Ogni anno i leader di tutto il Pianeta si vedono a Monaco di Baviera per la Munich Security Conference, un appuntamento quasi irrinunciabile per fare il punto sulla situazione internazionale.

Nella riunione di quest’anno, tra i temi caldi, c’è stato quello del cibo e del rialzo dei prezzi delle materie prime agricole. “Se non interveniamo presto”, aveva detto il capo del World Food Programme, vedremo “carestia, destabilizzazione di alcuni Paesi, emigrazioni di massa”. Pochi giorni dopo queste parole, l’invasione dell’Ucraina da parte della Russia proiettava in guerra due dei maggiori produttori mondiali di grano, fermando esportazioni, raccolti e semine non solo di Kyiv ma anche di Mosca.

La globalizzazione ha intrecciato tutto.

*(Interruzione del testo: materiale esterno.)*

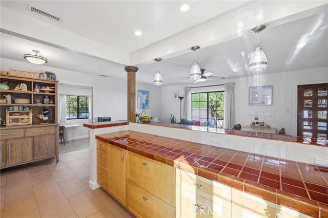 The kitchen offers both functionality and character, highlighted by custom cabinetry and distinctive design details that make it stand out. Throughout the home, newly installed tile flooring provides a seamless blend of contemporary style and durability, while upgrades such as new interior doors and copper plumbing add to the home’s overall quality and appeal. A custom front entry door enhances the curb appeal and creates a welcoming first impression.
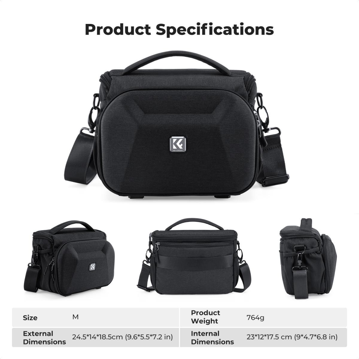K&F Concept Camera Sling Bag – vízálló válltáska DSLR/tükör nélküli fényképezőgépekhez, kemény héjjal és állványtartóval. Méret: M.
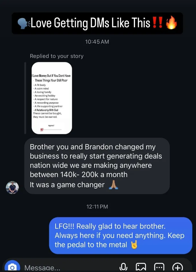 If you show up to calls with me and Brandon, do what we tell you to do, and use the resources we give you, then we will guarantee your results over the next 12 months. (See deposits below)

La Russia, il cui territorio non è toccato dal conflitto, è per esempio un grande esportatore di alcuni tipi di fertilizzanti, ma deve importarne molti altri e i suoi agricoltori devono poter contare sui sementi che arrivano dall’estero. Altri grandi produttori di cereali, come l’India, devono fare i conti col riscaldamento globale che quest’anno sta generando una siccità di vastissima portata, con solo il 13% del Paese che ha ricevuto la quantità di pioggia normalmente prevista tra marzo e aprile.

L’impatto che percepiamo sui nostri portafogli è poca cosa se paragonato a quello di chi vive nei Paesi in via di sviluppo: se gran parte di noi può rinunciare a qualcosa per fare la spesa, in altri luoghi gran parte del denaro viene già utilizzato dalle famiglie per nutrirsi. Che fare?

Nell’immediato bisognerebbe sbloccare il grano fermo nel porto di Odessa e provare convincere Mosca che affamare il mondo non è neanche nel suo interesse; rendere più fluidi i mercati, coordinare gli sforzi del Pianeta perché Paesi come la Libia ed Egitto, dipendenti per due terzi da Russia e Ucraina, non precipitino in una carestia; rendere il mercato dei beni di prima necessità immune alle tensioni geopolitiche.

Nel lungo termine la sfida è climatica, tecnologica, forse anche genetica. Ci sono sistemi basati su sensori che permettono di dare alle piante l’esatta quantità di acqua e nutrienti di cui hanno bisogno: i Paesi avanzati farebbero bene a condividere questo tipo di tecnologie e persino a finanziarne la fornitura ai grandi produttori agricoli del Pianeta perché l’insicurezza alimentare sia sconfitta.

Ci sono varietà di cereali, spesso geneticamente modificate, che richiedono quantità di acqua, pesticidi e fertilizzanti sensibilmente inferiori: potrebbe valere la pena di provare a vincere resistenze ideologiche, psicologiche, personali, se l’obiettivo è ridurre la fame nel mondo.